Does that answer your question?

Humanize Yourself—Write a Good Word

February 13th, 2009

In marketing my freelance copywriting business, I communicate regularly with clients and potential clients through various professional online networks, social media channels and e-mail. I’d rather meet with people over a cup of coffee. It would be much less complicated. Because it’s easy to misconstrue a text message. So I’m careful about how and what I write. 

Most people I encounter respond in a professional manner. Some lean towards brusque and others friendly and personal. But there are always a few that respond in a vulgar, personal attack.

I just don’t get it.

What possible benefit do you gain by directing profane language towards another person who is merely trying to make an honest living?
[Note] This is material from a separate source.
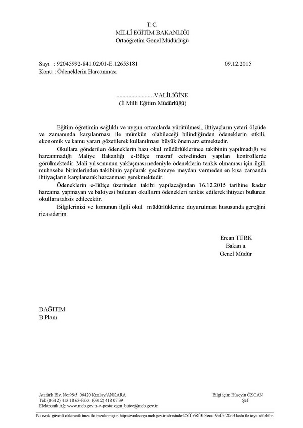 MEB'den ödenekleri harcayın emri Milli Eğitim Bakanlığı Ortaöğretim Genel Müdürlüğü Ödeneklerin kullanılması konusunda bir resmi yazı yayımladı

Maybe some perverted sense of superiority? Those of you schooled in psychoanalysis can play around with that idea. Although my immediate reaction is to angrily lash back, I know this is pointless. Whatever drives someone like that is deeper and darker than what any response I make will cure.

Those schooled in psychoanalysis are nodding their heads.

Instead, I ignore the vulgar, profane response and move on. Maybe I should be grateful. Would I really want to work with someone like that? Uh…no. And since they never sign their name, I take comfort in knowing they are cowards that hide behind anonymity. Their vulgar profanity, however, still stings. Words do that despite the old saying, “sticks and stones may break my bones but words will never hurt me.”

Therefore, I resolve to communicate in a forthright manner and to be as human and friendly as possible. Even offer words of encouragement. Times are discouraging enough. And we could all use a good word. Might as well start with me.